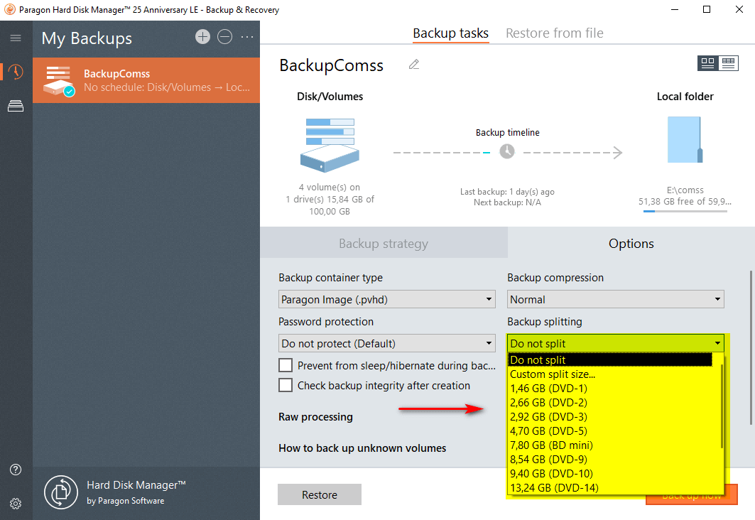 Файлы резервных копий можно разбить на несколько файлов меньшего размера, чтобы разместить их на нескольких носителей. Также это помогает избежать проблем, вызванных ограничением максимального размера файловой системы FAT32. В разделе Backup splitting можно указать другой размер или отключить разделение резервной копии на файлы определенного размера. Данная опция поддерживается только для резервных копий формата .pvhd.
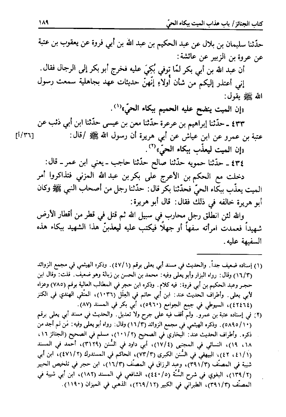 434 - حَدَّثَنَا حَمُّوَيْهِ، حَدَّثَنَا صَالِحٌ، حَدَّثَنَا حَاجِبٌ - يَعْنِي ابْنَ عُمَرَ، قَالَ: دَخَلْتُ مَعَ الْحَكَمِ بْنِ الأَعْرَجِ عَلَى بَكْرِ بْنِ عَبْدِ اللَّهِ الْمُزَنِيِّ فَتَذَاكَرُوا أَمْرَ الْمَيِّتِ يُعَذَّبُ بِبُكَاءِ الْحَيِّ فَحَدَّثَنَا بَكْرٌ قَالَ: حَدَّثَنَا رَجُلٌ مِنْ أَصْحَابِ النَّبِيِّ صَلَّى اللَّهُ عَلَيْهِ وَسَلَّمَ وَكَانَ أَبُو هُرَيْرَةَ خَالَفَهُ فِي ذَلِكَ فَقَالَ: قَالَ أَبُو هُرَيْرَةَ: وَاللَّهِ لَئِنِ انْطَلَقَ رَجُلٌ مُحَارِبٌ فِي سَبِيلِ اللَّهِ ثُمَّ قُتِلَ فِي قُطْرٍ مِنْ أَقْطَارِ الأَرْضِ شَهِيدًا فَعَمِدَتْهُ امْرَأَتُهُ سَفَهًا أَوْ جَهْلا فَبَكَتْ عَلَيْهِ لَيُعَذَّبَنَّ هَذَا الشَّهِيدُ بِبُكَاءِ هَذِهِ السَّفِيهَةِ عَلَيْهِ.
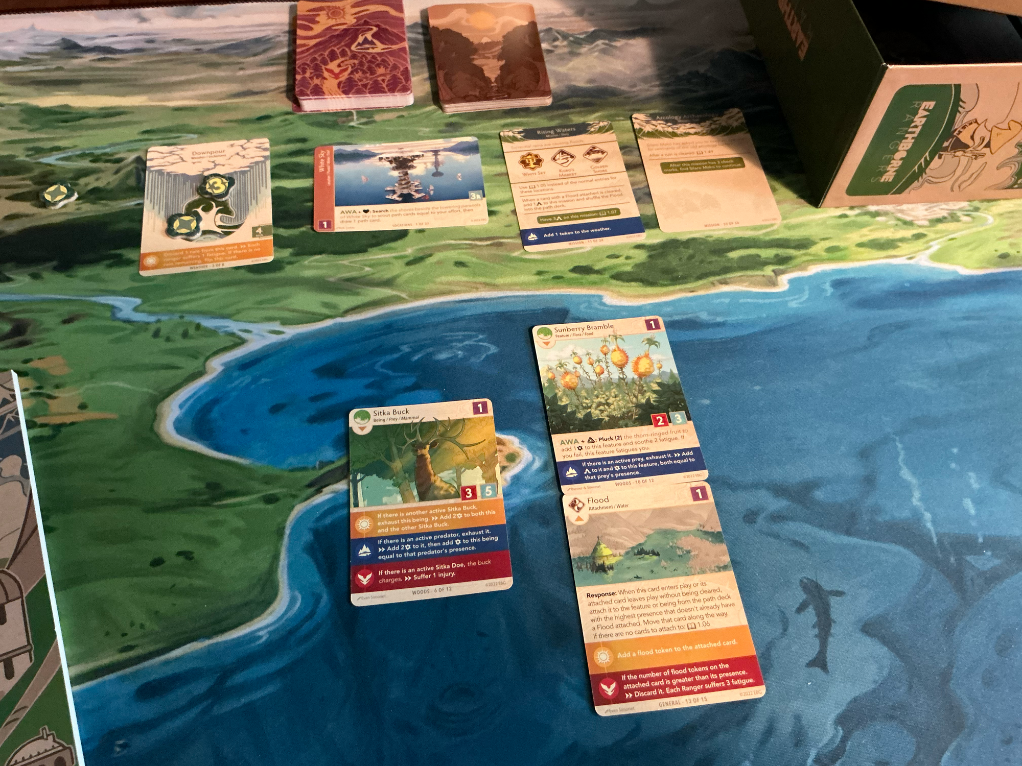 One of the most impressive things it manages to do is having an array of themed environments, Woods and Lakeshore areas for example. Each of these have cards that interact with each other, either in specific or generic ways. Some examples of this: Flora that gain damage from any Prey within the vicinity, or two Stika Bucks fighting each other for dominance, Predators that initially come in exhausted if there's already a Predator around, and more. What's important here is that all of these interactions make so much thematic sense. Sure, mechanically its just Card A has a triggered effect that interacts with Card B... but the theme and flavor carry it so well that I think it's disingenuous to distill it so reductively.
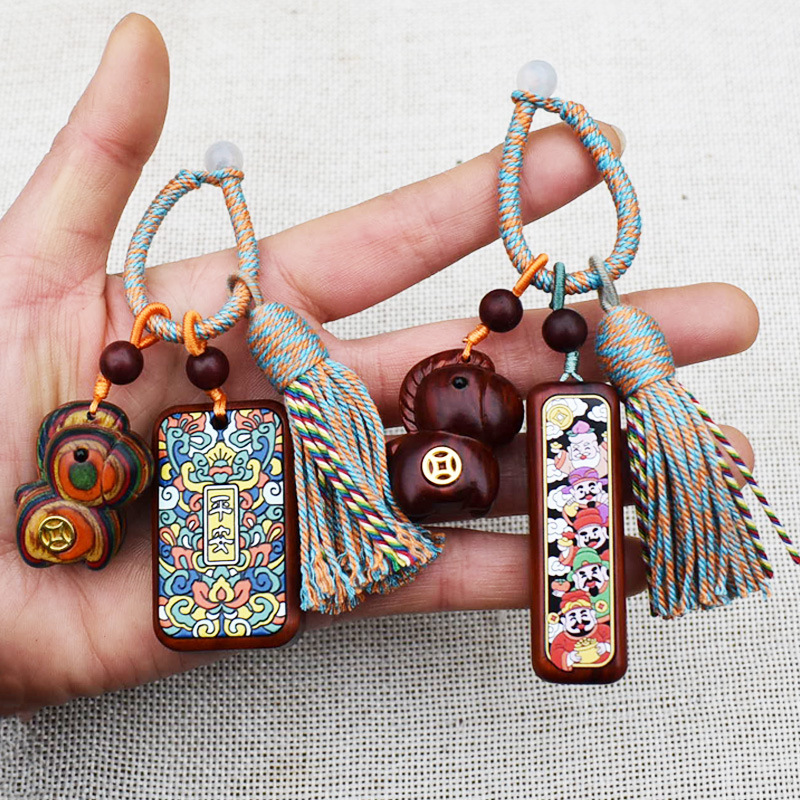 上のサインのペンダントの紫檀の檀の香の木の沈香の木のdiyの部品のキーホルダーの車は包みを掛けて手の串のアイデアを掛けます。

* [Try it]:
Could you reproduce exactly the lines from the first line of the listing through the line containing "434 - حَدَّثَنَا", both included, with pictures left out?

* [Exercise response]:
 Файлы резервных копий можно разбить на несколько файлов меньшего размера, чтобы разместить их на нескольких носителей. Также это помогает избежать проблем, вызванных ограничением максимального размера файловой системы FAT32. В разделе Backup splitting можно указать другой размер или отключить разделение резервной копии на файлы определенного размера. Данная опция поддерживается только для резервных копий формата .pvhd.
 434 - حَدَّثَنَا حَمُّوَيْهِ، حَدَّثَنَا صَالِحٌ، حَدَّثَنَا حَاجِبٌ - يَعْنِي ابْنَ عُمَرَ، قَالَ: دَخَلْتُ مَعَ الْحَكَمِ بْنِ الأَعْرَجِ عَلَى بَكْرِ بْنِ عَبْدِ اللَّهِ الْمُزَنِيِّ فَتَذَاكَرُوا أَمْرَ الْمَيِّتِ يُعَذَّبُ بِبُكَاءِ الْحَيِّ فَحَدَّثَنَا بَكْرٌ قَالَ: حَدَّثَنَا رَجُلٌ مِنْ أَصْحَابِ النَّبِيِّ صَلَّى اللَّهُ عَلَيْهِ وَسَلَّمَ وَكَانَ أَبُو هُرَيْرَةَ خَالَفَهُ فِي ذَلِكَ فَقَالَ: قَالَ أَبُو هُرَيْرَةَ: وَاللَّهِ لَئِنِ انْطَلَقَ رَجُلٌ مُحَارِبٌ فِي سَبِيلِ اللَّهِ ثُمَّ قُتِلَ فِي قُطْرٍ مِنْ أَقْطَارِ الأَرْضِ شَهِيدًا فَعَمِدَتْهُ امْرَأَتُهُ سَفَهًا أَوْ جَهْلا فَبَكَتْ عَلَيْهِ لَيُعَذَّبَنَّ هَذَا الشَّهِيدُ بِبُكَاءِ هَذِهِ السَّفِيهَةِ عَلَيْهِ.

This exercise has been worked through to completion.